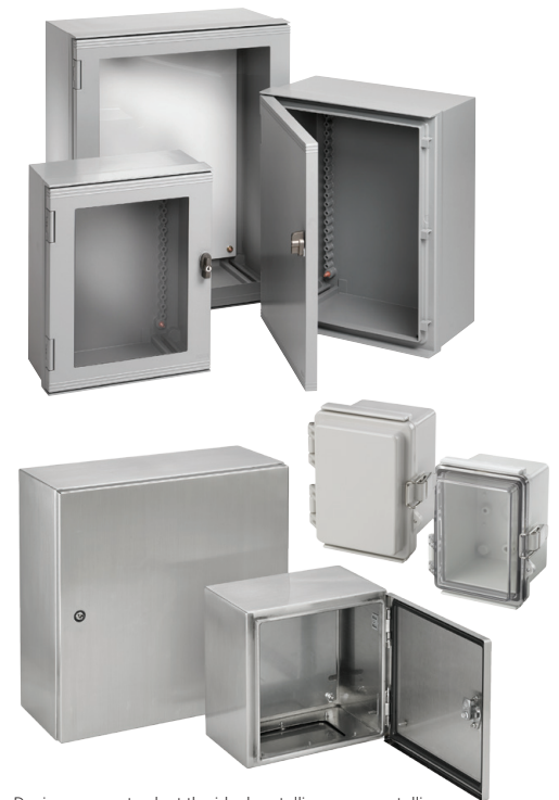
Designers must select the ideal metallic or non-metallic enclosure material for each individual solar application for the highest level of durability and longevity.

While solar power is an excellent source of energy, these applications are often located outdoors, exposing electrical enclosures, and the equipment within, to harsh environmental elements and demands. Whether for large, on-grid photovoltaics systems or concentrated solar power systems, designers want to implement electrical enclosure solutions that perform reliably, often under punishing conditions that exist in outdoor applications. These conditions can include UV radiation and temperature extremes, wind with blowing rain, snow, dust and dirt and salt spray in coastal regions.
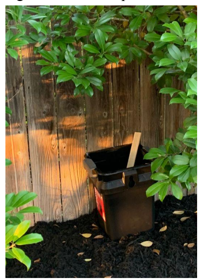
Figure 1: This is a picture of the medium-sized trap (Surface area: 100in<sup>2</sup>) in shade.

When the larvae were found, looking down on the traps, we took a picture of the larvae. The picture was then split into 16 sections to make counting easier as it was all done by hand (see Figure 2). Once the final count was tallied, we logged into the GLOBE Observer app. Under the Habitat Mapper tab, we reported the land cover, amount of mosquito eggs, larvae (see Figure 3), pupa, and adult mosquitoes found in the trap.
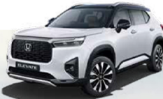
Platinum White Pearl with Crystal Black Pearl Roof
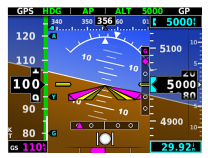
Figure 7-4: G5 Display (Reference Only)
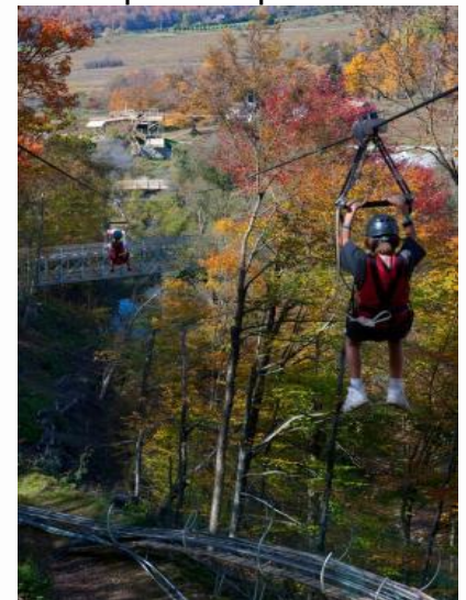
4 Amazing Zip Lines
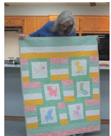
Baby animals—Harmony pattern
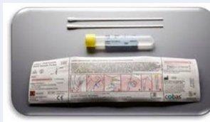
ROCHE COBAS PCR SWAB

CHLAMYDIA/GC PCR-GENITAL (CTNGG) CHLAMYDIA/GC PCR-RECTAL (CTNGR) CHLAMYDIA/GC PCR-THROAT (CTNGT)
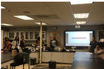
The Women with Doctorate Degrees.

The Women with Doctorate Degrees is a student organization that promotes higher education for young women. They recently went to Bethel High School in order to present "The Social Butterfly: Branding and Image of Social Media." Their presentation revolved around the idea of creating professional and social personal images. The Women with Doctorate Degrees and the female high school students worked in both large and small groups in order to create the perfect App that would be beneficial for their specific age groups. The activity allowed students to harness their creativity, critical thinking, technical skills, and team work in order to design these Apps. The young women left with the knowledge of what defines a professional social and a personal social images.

--

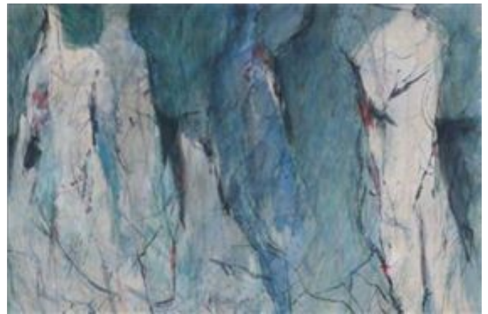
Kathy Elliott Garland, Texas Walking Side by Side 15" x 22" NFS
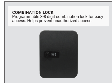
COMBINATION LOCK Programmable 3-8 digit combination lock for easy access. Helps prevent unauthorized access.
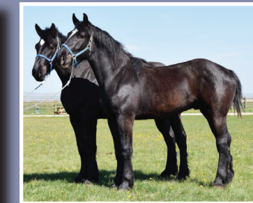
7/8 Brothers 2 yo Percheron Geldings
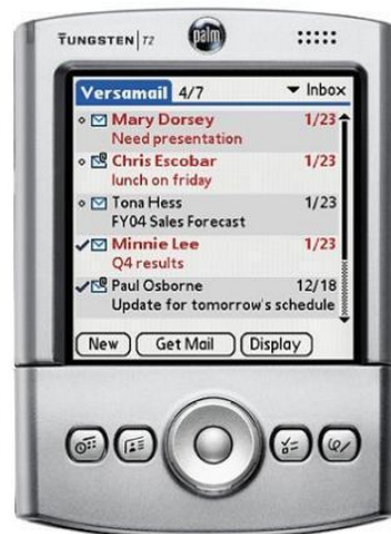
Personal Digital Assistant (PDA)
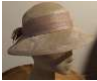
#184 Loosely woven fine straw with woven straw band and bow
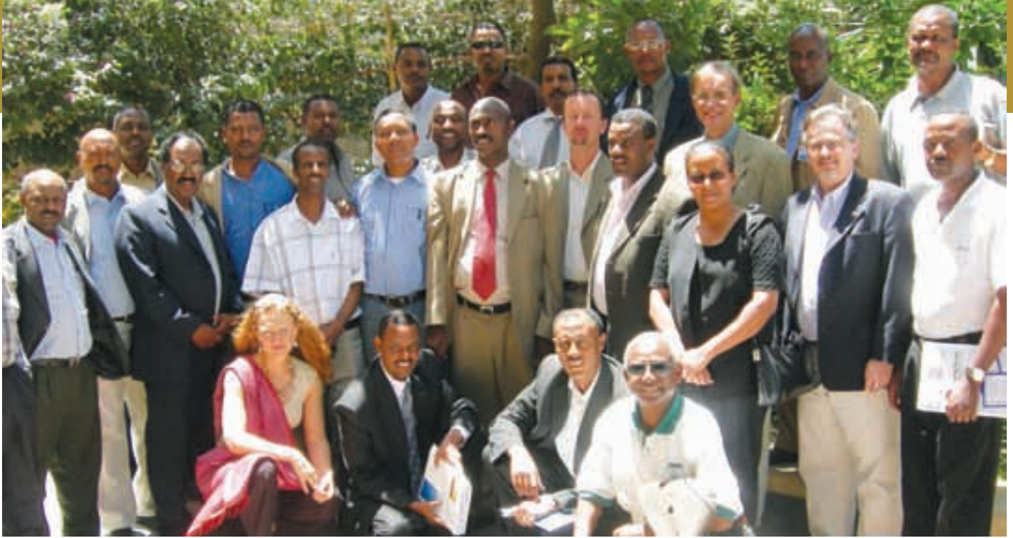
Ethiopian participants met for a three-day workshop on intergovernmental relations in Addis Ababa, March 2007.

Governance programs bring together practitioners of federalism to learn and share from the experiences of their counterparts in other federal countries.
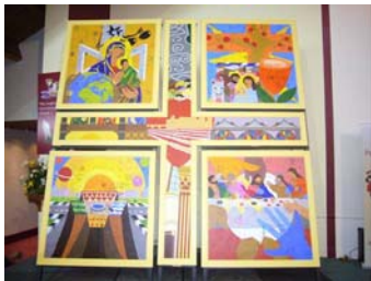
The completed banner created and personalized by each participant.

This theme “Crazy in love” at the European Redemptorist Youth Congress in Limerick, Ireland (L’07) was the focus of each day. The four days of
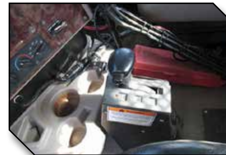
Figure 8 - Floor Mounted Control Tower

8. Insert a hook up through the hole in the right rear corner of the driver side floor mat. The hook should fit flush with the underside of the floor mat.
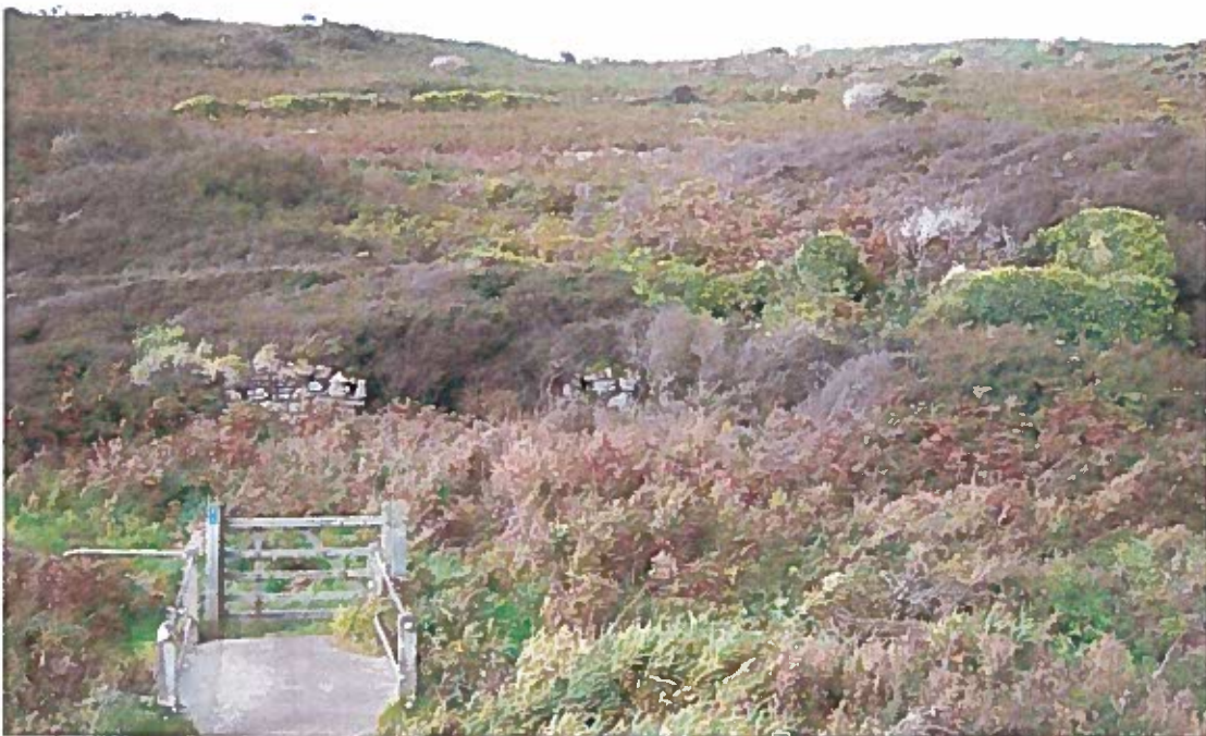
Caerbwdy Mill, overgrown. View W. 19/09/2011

Assigned task> Your copy should hold only the lines above from the one containing "Baby animals—Harmony pattern" through the one containing "The Women with Doctorate Degrees is", exactly as written and free of pictures.

Exercise answer>
Baby animals—Harmony pattern
ROCHE COBAS PCR SWAB

CHLAMYDIA/GC PCR-GENITAL (CTNGG) CHLAMYDIA/GC PCR-RECTAL (CTNGR) CHLAMYDIA/GC PCR-THROAT (CTNGT)
The Women with Doctorate Degrees.

The Women with Doctorate Degrees is a student organization that promotes higher education for young women. They recently went to Bethel High School in order to present "The Social Butterfly: Branding and Image of Social Media." Their presentation revolved around the idea of creating professional and social personal images. The Women with Doctorate Degrees and the female high school students worked in both large and small groups in order to create the perfect App that would be beneficial for their specific age groups. The activity allowed students to harness their creativity, critical thinking, technical skills, and team work in order to design these Apps. The young women left with the knowledge of what defines a professional social and a personal social images.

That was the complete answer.